## WORK INSTRUCTIONS
Produce a verbatim copy of the data below that contains no pictures.

------ GIVEN MATERIAL ------

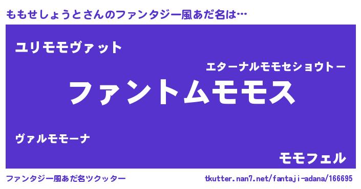 | ポケモン風あだ名 | 『ヒモモセショウト』『モモゴンZ』 |
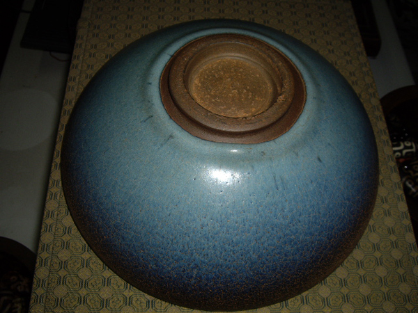 口微斂,弧形腹壁, 圈足。器物內外施天藍釉,外壁釉不到底,碗口沿釉薄處呈醬色,足素胎無釉。此碗胎體厚重,釉汁凝重,具有元代鈞窯器的諸多特徵。
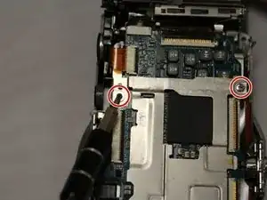 Выверните 2 серебристых винта Phillips 3.5 мм №0, находящихся на внутренней нижней части отсека батареи.

------

## SOLUTION BELOW
 | ポケモン風あだ名 | 『ヒモモセショウト』『モモゴンZ』 |
 口微斂,弧形腹壁, 圈足。器物內外施天藍釉,外壁釉不到底,碗口沿釉薄處呈醬色,足素胎無釉。此碗胎體厚重,釉汁凝重,具有元代鈞窯器的諸多特徵。
 Выверните 2 серебристых винта Phillips 3.5 мм №0, находящихся на внутренней нижней части отсека батареи.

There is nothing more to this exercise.